Glyn Williams’s Voyages of Delusion caught my eye at Half Price Books a few years ago. A beautiful blue book with a tall ship navigating an icy sea superimposed over an eighteenth century map of North America most of which was still terra incognita, I had to buy it.
Sometimes it pays to judge a book by its cover when the cover is so striking. Of course, it still took two years to get around to reading it.
Voyages of Delusion tells the story of the eighteenth century quest for a navigable northwest passage between Hudson’s Bay and the Pacific. Despite the fact that there was almost no evidence to suggest that such a passage existed, discovery expeditions were organized by armchair geographers and endured by the crews of ships who suffered unimaginable hardships in their quest to find what wasn’t there.
Williams opens with accounts of the expeditions from Hudson’s Bay where explorers invariably had to deal not just with the cold, but with the Hudson’s Bay Company which didn’t want potential rivals encroaching on their monopoly over trade in the Hudson’s Bay drainage (almost all of Canada east of the Rockies, though they didn’t know there was that much of it). Between expeditions, he tells the stories of the battles of competing maps of North America, most of which were entirely speculative, representing more the hopes of the geographers than the actual outlines of the coasts.
The second half of the book tells of the search from the Pacific side, including the third voyage of Captain Cook in which he “discovered” Hawaii on his way to the Bering Strait where he and his men charted much of the Alaskan coast, bridging the maps of the Russians in the north with the Spanish in the south.

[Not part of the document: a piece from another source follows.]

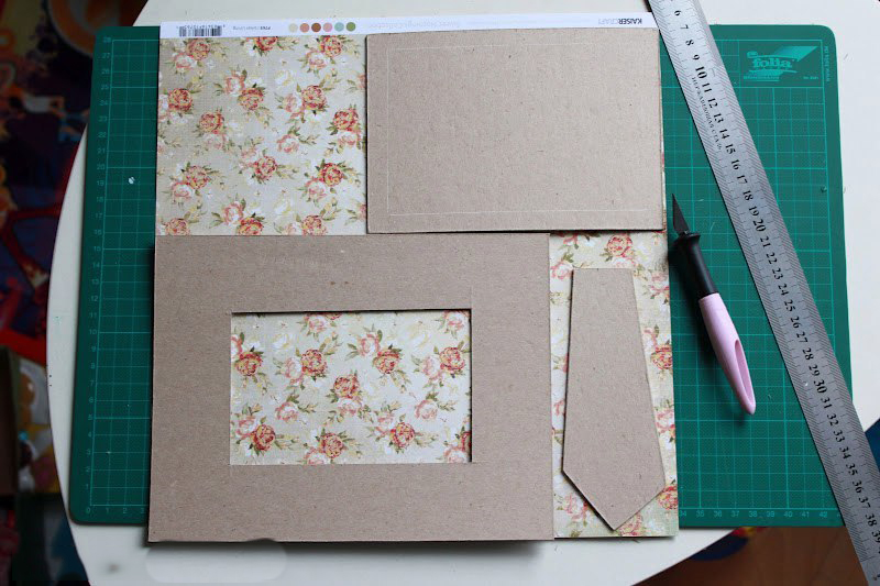 Затем приклеиваем бумагу на заднюю часть нашей рамки и разрезаем, проведя по надрезам на картоне.

It was the tales of the competing maps – some of which were based on completely fictional voyages – that I found particularly interesting. Having a lifelong love of maps and geography it was quite enlightening to learn about how the map of North America ultimately came to be through speculation, intrigue, lies and fantasy mixed with real exploration. It is ironic of course how much nonsense was published and accepted by various geographers in the Age of Reason, but then that irony along with the many reproductions of various speculative maps that Williams includes work to make the book so enjoyable.
By the end of the book, one feels great empathy for Captain Vancouver who after years of searching for a passage from the Pacific apparently took great satisfaction in finally proving that there was no navigable northwest passage, thus turning his failure to find the fabled passage into a triumph of exploration and experiment over wishful thinking.
Of course, due to global warming, there is one now.
James Brush is a teacher and writer who lives in Austin, TX. He tries to get outside as much as possible.